Its fitness. Often calculated from other parameters, like accuracy.
Its accuracy, which is the percentage of times the rule matched AND produced a correct result.
Its numerosity, describing the number of copies that exist. During the learning phase, a subsumption mechanism looks through the rules to see if one rule subsumes another, and in that case increases the numerosity and deletes the subsumed rule.
Other parameters like the age of the rule, its reward prediction, the accuracy of its reward prediction, and more, depending on the implementation details of the LCS.

Side note on accuracy: from an end-user perspective, we are only interested in the accuracy of the whole rule set, not individual rules. Individual rules have their accuracy and fitness parameters so the LCS can learn and improve its rule set.

How are LCS trained?

To train an LCS, we need several systems working together:

Covering, which creates a new rule when the population does not contain a matching rule for an input. The output of that new rule is the correct value, if available, or random otherwise.
Credit assignment, which updates the learning-related parameters of the rules in a match set [M] (its fitness and accuracy).
Subsumption, which checks the rule set for "duplicate rules": rules that have the same result, where the subsuming rule has the same or higher accuracy, and either (1) both rules have the same condition, or (2) where one rule has a broader condition that fully includes the other condition.
Rule discovery, a genetic algorithm that creates new rules from two rules from either [P] or [M]. It creates two new rules by randomly merging parts of the two rules (crossover), and then randomly mutating them. It returns parents and children to the population.
Deletion, which selects classifiers (rules) for deletion. It is commonly using roulette wheel selection where the probability of a rule being selected for deletion is inversely proportional to its fitness. Selecting a rule for deletion reduces its numerosity by one. If numerosity reaches zero, that rule is removed from the population.

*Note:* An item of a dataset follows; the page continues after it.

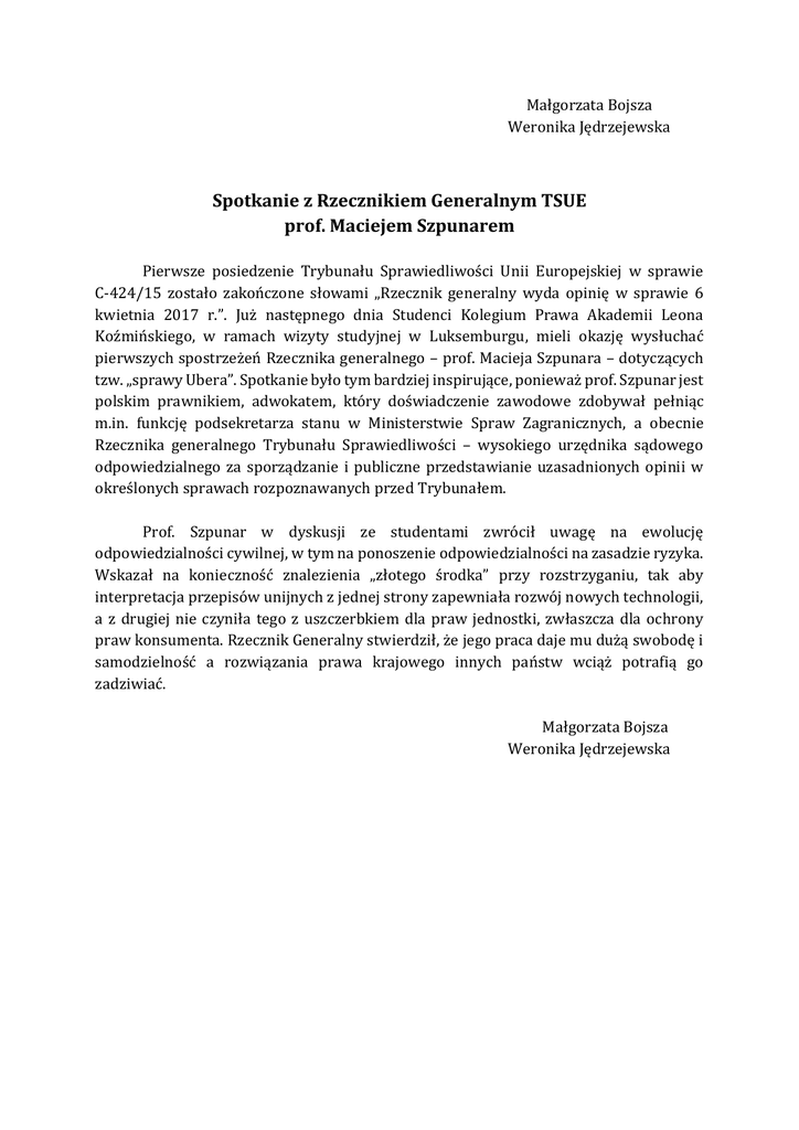 Małgorzata Bojsza Weronika Jędrzejewska Spotkanie z Rzecznikiem Generalnym TSUE prof. Maciejem Szpunarem Pierwsze posiedzenie Trybunału Sprawiedliwości Unii Europejskiej w sprawie C-424/15 zostało zakończone słowami „Rzecznik generalny wyda opinię w sprawie 6 kwietnia 2017 r.”. Już następnego dnia Studenci Kolegium Prawa Akademii Leona Koźmińskiego, w ramach wizyty studyjnej w Luksemburgu, mieli okazję wysłuchać pierwszych spostrzeżeń Rzecznika generalnego – prof. Macieja Szpunara – dotyczących tzw. „sprawy Ubera”. Spotkanie było tym bardziej inspirujące, ponieważ prof. Szpunar jest polskim prawnikiem, adwokatem, który doświadczenie zawodowe zdobywał pełniąc m.in. funkcję podsekretarza stanu w Ministerstwie Spraw Zagranicznych, a obecnie Rzecznika generalnego Trybunału Sprawiedliwości – wysokiego urzędnika sądowego odpowiedzialnego za sporządzanie i publiczne przedstawianie uzasadnionych opinii w określonych sprawach rozpoznawanych przed Trybunałem. Prof. Szpunar w dyskusji ze studentami zwrócił uwagę na ewolucję odpowiedzialności cywilnej, w tym na ponoszenie odpowiedzialności na zasadzie ryzyka. Wskazał na konieczność znalezienia „złotego środka” przy rozstrzyganiu, tak aby interpretacja przepisów unijnych z jednej strony zapewniała rozwój nowych technologii, a z drugiej nie czyniła tego z uszczerbkiem dla praw jednostki, zwłaszcza dla ochrony praw konsumenta. Rzecznik Generalny stwierdził, że jego praca daje mu dużą swobodę i samodzielność a rozwiązania prawa krajowego innych państw wciąż potrafią go zadziwiać. Małgorzata Bojsza Weronika Jędrzejewska
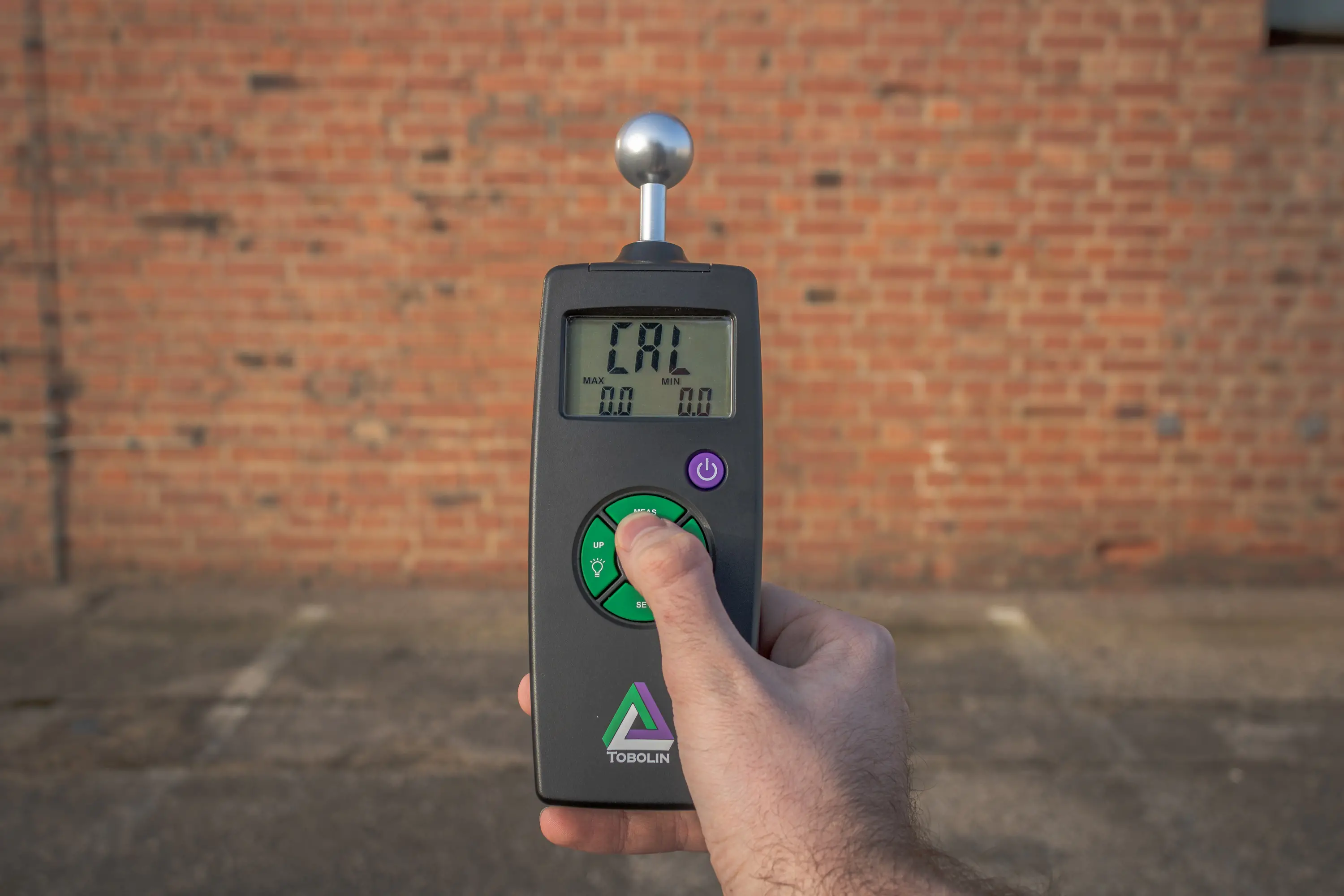 Der Kugelmesskopf des TOBOMETER HY muss senkrecht und fest auf die Oberfläche des zu untersuchenden Materials aufgesetzt werden. Halten Sie das Gerät bei den Messungen genauso wie während der automatischen Kalibrierung in der Hand und achten Sie auf einen Abstand von 8-10 cm zu anderen Gegenständen.

The training stops when a certain condition is met, e.g. an iteration count.

The rule set now still contains some bad and inexperienced rules (e.g. rules that were recently created). We now apply rule compaction to remove them.

Conclusion

An LCS is simple. It's a set of IF … THEN … rules that is under pressure by a genetic algorithm. Nothing more.

The resulting rule set is much is easier to understand than the weighted graph of a neural network.

Of course, you can make LCS as complex as you want. But the core idea is beautifully simple.

In the upcoming articles in this series, we will further explore the applications of LCS, the available frameworks, and we'll implement our own LCS with Node.js.